В итоге, ломбард, открытый даже ночью (и сильно смахивающий на лавку скупщика краденого, если честно) мы нашли, камень продали (за более чем скромную сумму, я даже подумывал оскорбиться) и навестили логово жадных головоногих, где я, пытаясь избавиться от щекотки под кожей, кажется, выпил лишнего. Но осознал это далеко не сразу…
– Ну? Где этот ваш темный… то есть Черный цирк?
– Еще не передумали? – Илга не скрывала досаду.
– Наоборот! Горю желанием увидеть необыкновенное представление!

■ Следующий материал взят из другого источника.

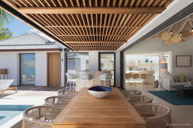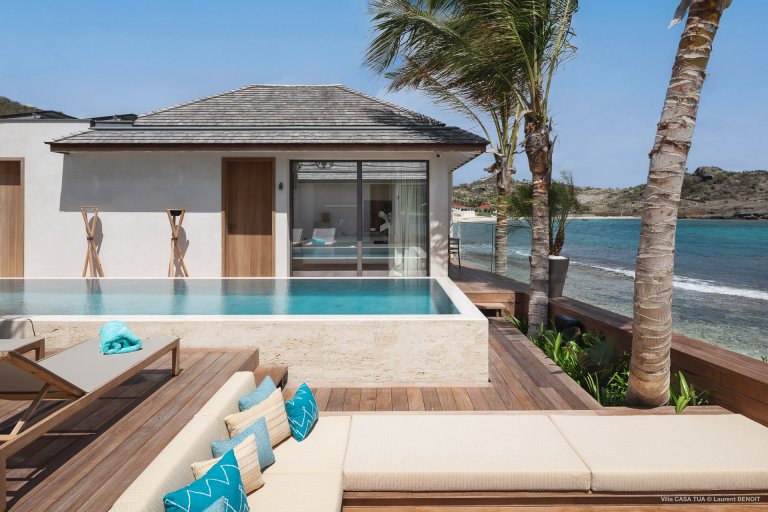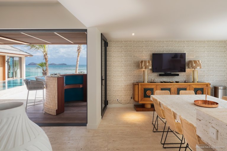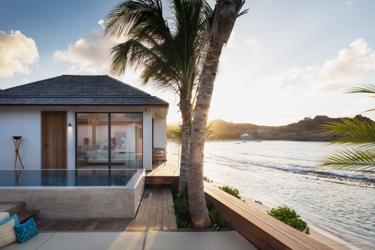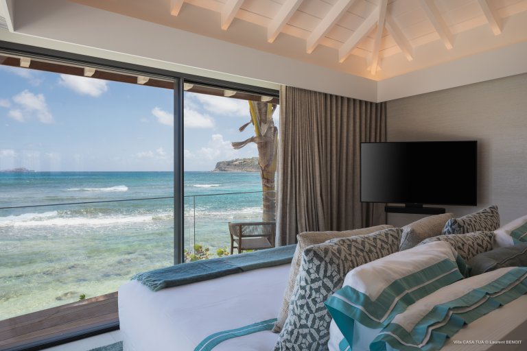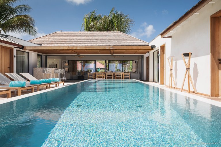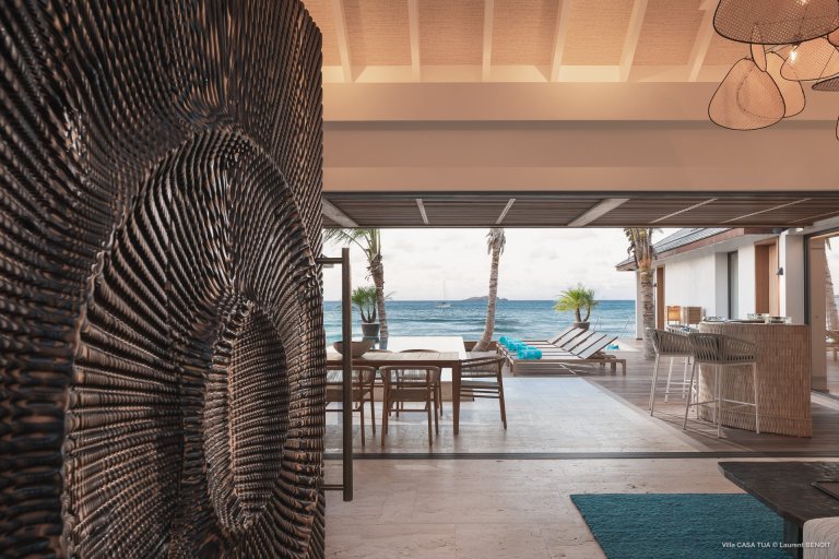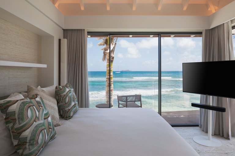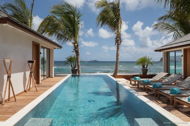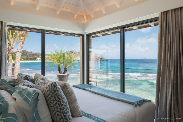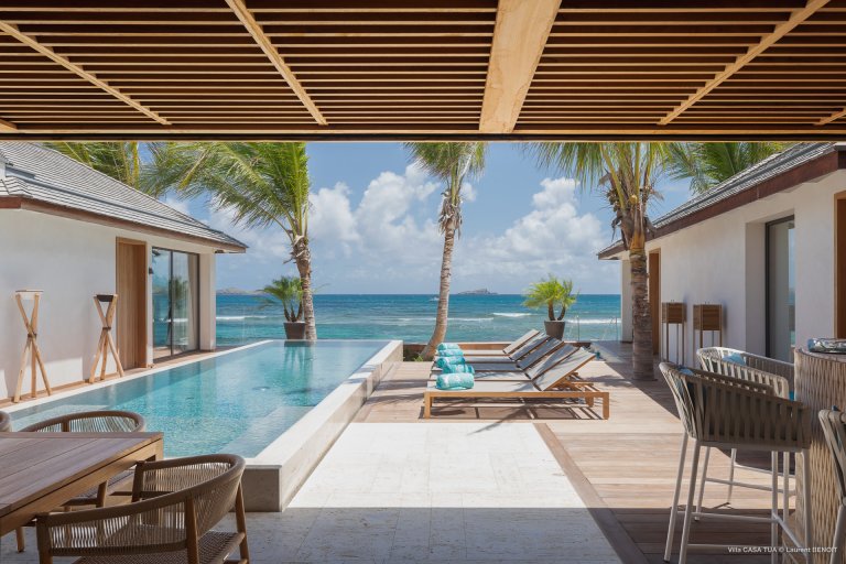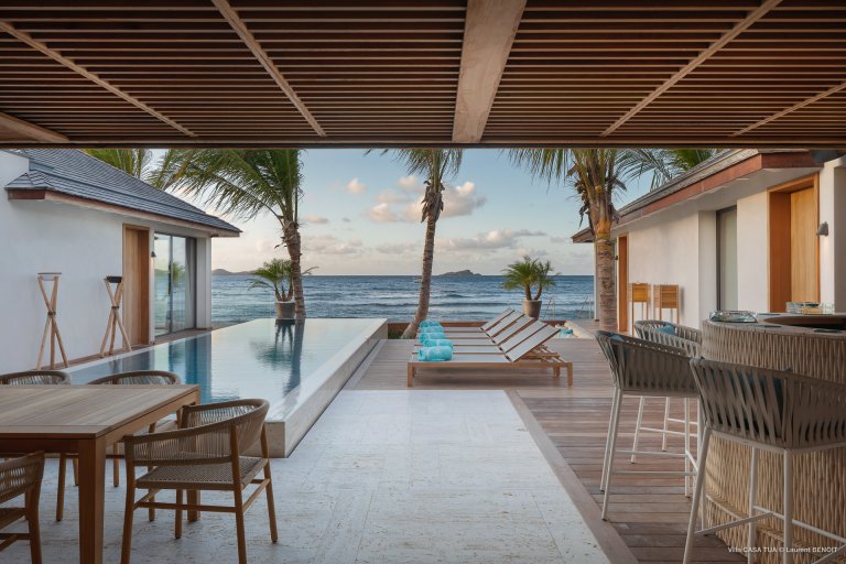 For an island destination, St. Barth has surprisingly few beach villas. That is what makes Maverick (CTU) such a rare opportunity to enjoy the island’s beach lifestyle. The newly built luxury rental property is right beside the sand in Lorient, one of the most popular surf beaches.

На нас строго посмотрели, хотя я, вроде бы, не так уж громко и говорил. Илга беспокойно хмурилась и теребила край воротника. Потом нехотя решилась:
– Идемте, если так желаете.
…Некто в черно-белую клетку отвел приветственно руку, каменные химеры со скрипом склонили рогатые головы, раздвигая занавес, прикрывающий вход. Глаза ослепили кричаще-яркие краски. В уши ударили звуки – низкие, будоражащие, оттененные неритмичными переливами уже знакомых колокольцев – они тянули, словно магнитом. А запахи здесь жили своей жизнью, принимая участие в происходящем на равных правах – дурманили, завораживали и пугали. Впрочем, зверьем и человеческим потом тоже несло… Ядовитый привкус застарелой магии горчил и отравлял сладость атмосферы, как пресловутая ложка дегтя в бочке с медом.
Мы догнали довольно большую группу посетителей, среди которых не было главного наполнителя цирковых представление – детей. И хорошо, что не было.
…Голый лохматый гигант разрывал пополам тварь, состоящую в основном из щупалец и стрекал. Черная кровь шипела и парила, проливаясь на насыпь из крошева ракушек на полу…
…Невозможные, но при этом на редкость естественные двигались в клетке сфинксы, вытанцовывая рисунок, полный кошачьей грации. По палевой бархатной шерсти скупо струился свет рамп, очерчивая выпуклые женские формы груди и изгибы звериных хребтов с длинными хвостами. В мякоти страшных лап проглядывали стальные когти.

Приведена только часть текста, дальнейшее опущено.